Ada sekitar 13 korban yang meninggal dunia akibat kebiadaban pelaku yang tidak memiliki peri kemanusiaan tersebut. Sebuah tidakan yang sebenarnya irasional tapi nyata dilakukan ketika iming-iming surga menjadi orientasi dari tindakan mereka.
Bagaimanapun alasannya tindakan meledakkan diri di tengah krumunan banyak orang yang sedang beribadah dan menjalankan tugas negara tidak bisa dibenarkan. Apalagi ketika melibatkan keluarga dan anak kecil dalam upaya meledakan bom untuk mengancam hidup orang lain. Hal tersebut sudah barang tentu menjadi cerminan dari nalar berfikir seseorang yang sudah kacau kalau tidak mau dibilang rusak.
Pertanyaanya apa sebab utama dari kekacauan nalar berfikir seperti itu sampai berani merelakan nyawanya sendiri dan keluarganya untuk tujuan yang masih imajinatif tersebut. Kalau memang hari ini manusia bergerak menuju ke arah rasionalitas berfikir, tetapi kenapa fenomena bom bunuh diri dengan legitimasi doktrin agama yang keliru bisa sampai terjadi. Hal itulah yang sebenarnya patut menjadi perhatian kita bersama dalam membentengi lingkungan terkecil kita yaitu keluarga, untuk terus menjaga nalar dan kewarasan berfikir.
Kakacauwan berfikir seperti itu bisa kita lihat dalam kerangka filosofis bahwa doktrin dari ideologi kebencian dan kekerasan menjadi penyebab utama dari legitimasi tindakan yang mereka lakukan. dalam hal ini kita harus jernih melihat bagaimana basis epistimologi atau kerangka keilmuan yang melatar belakangi tindakan mereka antara ideologi ataukah doktrin agama yang membuat mereka senekat itu.
Seperti yang di utarakan oleh Collin S Gray dalam bukunya War, Peace, and International Relation (2007), bahwa praktik teror dimotivasi atau diispirasi oleh idiologi atau dogma agama. Dalam hal ini, soal surga dan neraka menjadi narasi utama sebagai bentuk dagangan yang diperjual belikan dengan nyawa seseorang.

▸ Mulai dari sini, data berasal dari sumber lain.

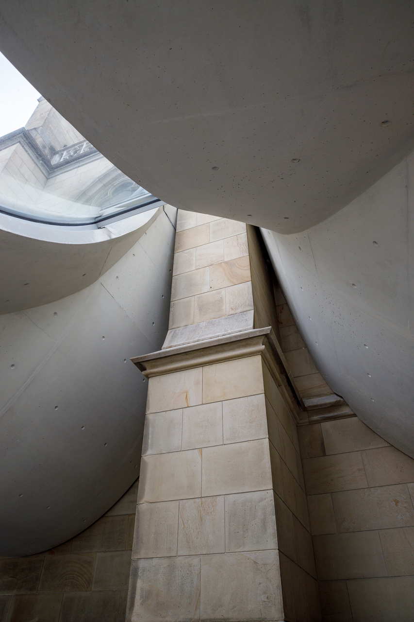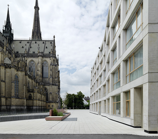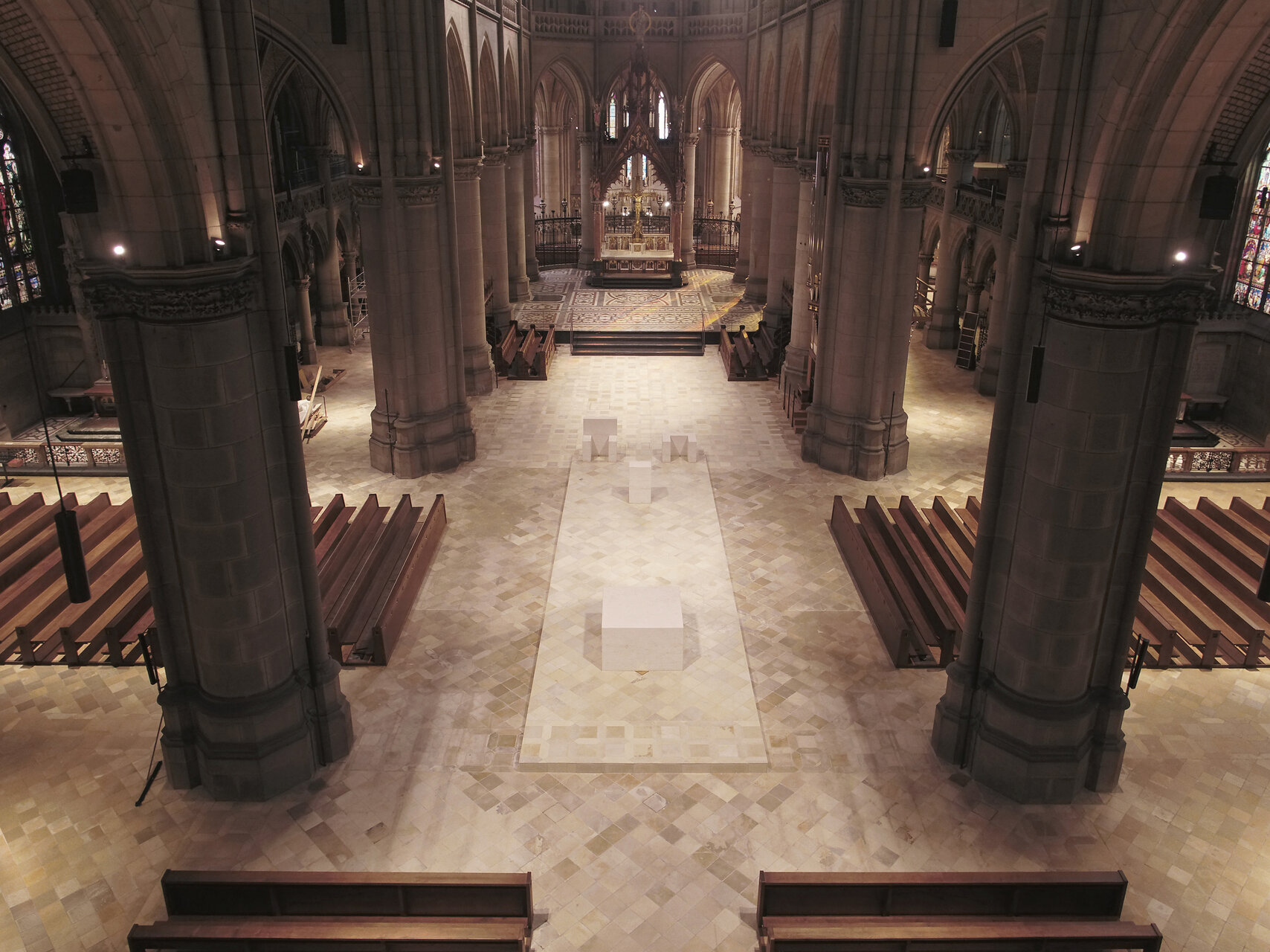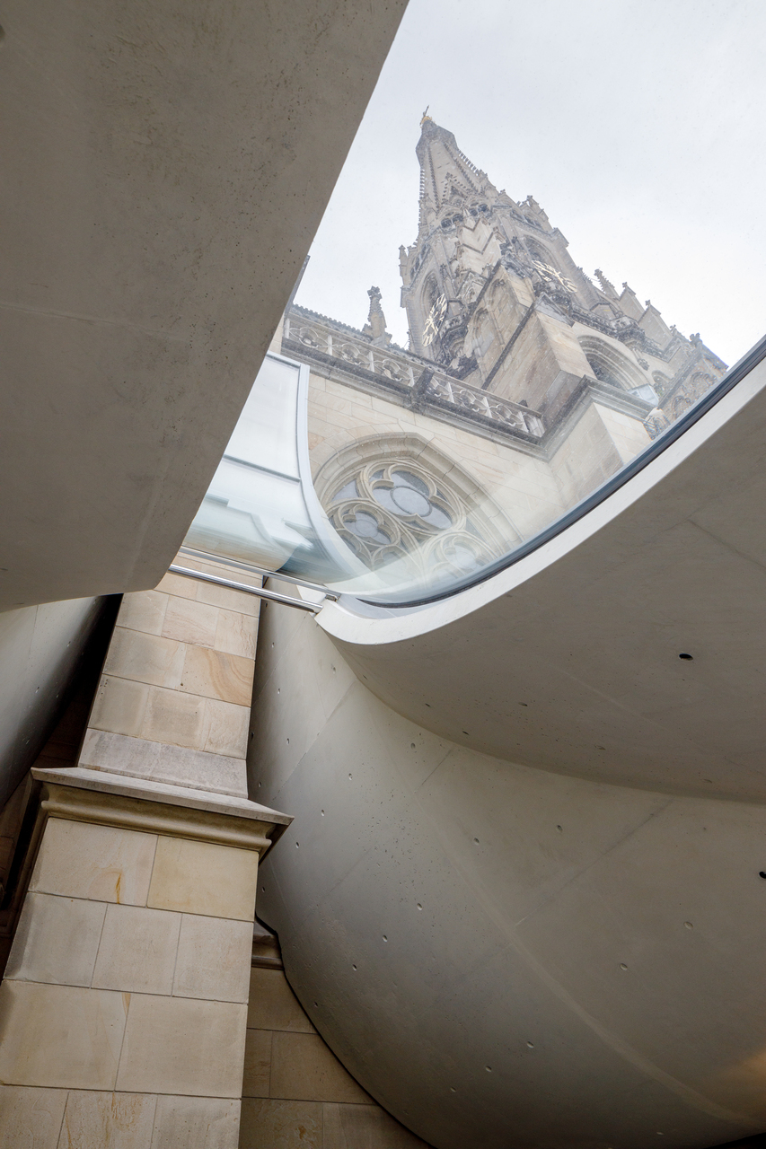Im Kirchenraum selbst werden einzelne Kunstwerke durch multimediale Angebote präsentiert. In der linken Turmkapelle sind einige besonders wertvolle Objekte des Domschatzes ausgestellt. Entlang einer zweigeschossigen, begehbaren Ausstellungsarchitektur werden diese wertvollen Kunstgegenstände in analoger und digitaler Form präsentiert. Eine interaktive Vitrine und ein integrierter Lift, der die Besucher:innen auf die Fensterebene der ehemaligen Kapelle hebt, bieten neue Einblicke in historische kirchliche Kunst. Den Grundriss des Ausstellungsturms bildet eine Platte in Form des Einsteinmusters. Die Grundform des „Einsteins“ kann lückenlos ohne starre Wiederholungen zusammengefügt werden. Dieses Motiv findet sich in allen Ausstellungsvitrinen innerhalb des Mariendoms und auch im neuen Domcenter wieder. (Text: Architekt:innen, bearbeitet)

Sementara itu untuk melegitimasi tindakan kekerasan yang mereka lakukan seperti yang diungkapkan oleh Shiraz Maher dalam bukunya Salafi-Jihadism: The Histori of an Idea,(2016) memaparkan bahwa doktrin salafi dan jihatdisme yang mereka usung setidaknya berciri pemahaman takfiri (yang mengkafirkan saudara seiman) dan Jihad ekstrem/radikal yang mengunakan kekerasan dan perang sebagai bentuk jihadnya.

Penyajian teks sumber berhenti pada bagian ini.